That's a little closed minded Steadly. You said you find very little used stuff at L&M at decent prices. That means there are some good prices on some items but you won't know if you don't look. I've bought and traded a few used guitars and was very happy with the deal I made. If you buy on Kijiji, see if they will let you bring it back within 30 days if you don't like it.


----------



## RBlakeney (Mar 12, 2017)

Lm has some fantastic deals on used stuff sometimes. 
if you stop in once and a while you've likely missed any great deals as they don't last.


----------



## Sniper (Oct 8, 2009)

I find it really depends on the location as there are stores that are more guitar-centric than others. Here in the greater Toronto area, there is a LM I specifically frequent for guitar items, another for bass and another for drum stuff.


----------



## mister.zed (Jun 8, 2011)

Weird. I find the opposite most of the time. I find L&M often much better than Kijiji for used prices. Plus I don't have to haggle, and it comes with a warrantee. If there's some gear I'm jonesing for I often go to L&M or call them, see if there's a used one at a reasonable price and they bring it in for me if it isn't local.


----------



## Guncho (Jun 16, 2015)

I bought a used Fender Blues Jr and some floor monitors used from L&M. The price was decent.


----------



## Budda (May 29, 2007)

I will happily pay kijiji prices for a warranty.


----------



## BSTheTech (Sep 30, 2015)

Marshall JCM-1H and a JMP-1H for $350 each. I grabbed the JCM and split. Came back a couple hours later to grab the JMP and it was gone.
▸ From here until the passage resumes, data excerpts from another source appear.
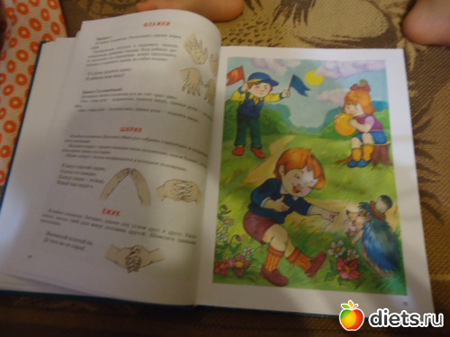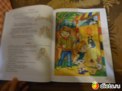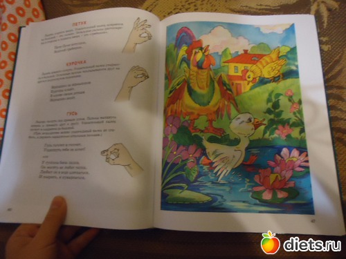 книжку вчера изучали,малой понравилось.козу ручками показывали,коровку,еще кого то,ааа...фонарики-включили выключили.еще упражнения с языком делали.сейчас сидит рассказывает кто на обложке нарисован,там много зверей.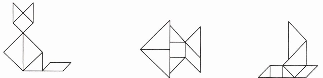 1. 下面是用七巧板拼出的图形,想一想它们像什么?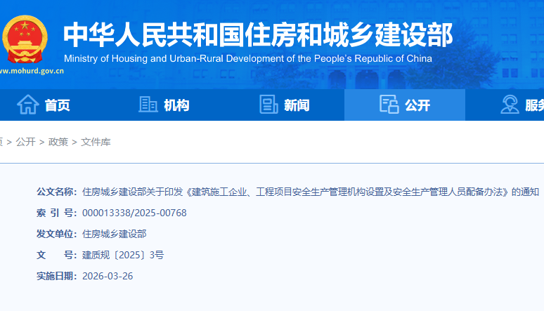 住建部:印发《建筑施工企业、工程项目安全生产管理机构设置及安全生产管理人员配备办法》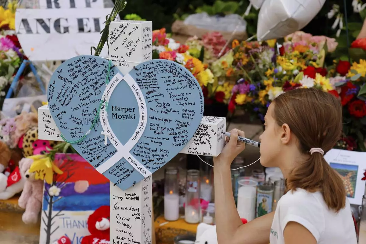 A child writes a message as people visit a make-shift memorial at Annunciation Catholic Church after the Wednesday's shooting at the school, Friday, Aug. 29, 2025, in Minneapolis. (AP Photo/Bruce Kluckhohn)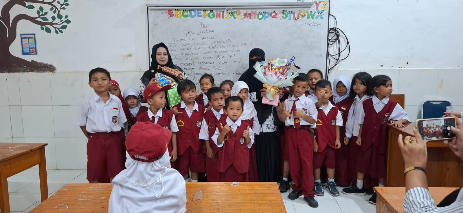 Rangkaian peringatan Hari Guru Nasional di UPT SPF SDN Rajawali Makassar diakhiri dengan sesi foto bersama dan pembacaan doa. Kegiatan ini diharapkan mampu membangun semangat kebersamaan antara guru dan siswa serta meningkatkan rasa bangga menjadi bagian dari dunia pendidikan.

Paid about three times that for the one I have now *#*(


----------



## bzrkrage (Mar 20, 2011)

It’s all timing.
I saw a guy bring a bag of pedals and then was placed on the used pedal tower thing.
I think they lasted 20 seconds before the vultures picked it clean.
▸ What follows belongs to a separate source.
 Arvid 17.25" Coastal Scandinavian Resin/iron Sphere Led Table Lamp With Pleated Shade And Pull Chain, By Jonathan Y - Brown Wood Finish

But, yes, the warranty/return is an absolute HUGE bonus for pedal-holics.


----------



## Chitmo (Sep 2, 2013)

RBlakeney said:


> Lm has some fantastic deals on used stuff sometimes.
> if you stop in once and a while you've likely missed any great deals as they don't last.


Or drop in every day......


----------



## RBlakeney (Mar 12, 2017)

Chitmo said:


> Or drop in every day......


We don't miss that much.


----------



## johnnyshaka (Nov 2, 2014)

Steadfastly said:


> I find very little of the used stuff at L & M at decent prices. They need to make a profit on it so it is priced accordingly. I don't even bother looking at their site or at the store for used items.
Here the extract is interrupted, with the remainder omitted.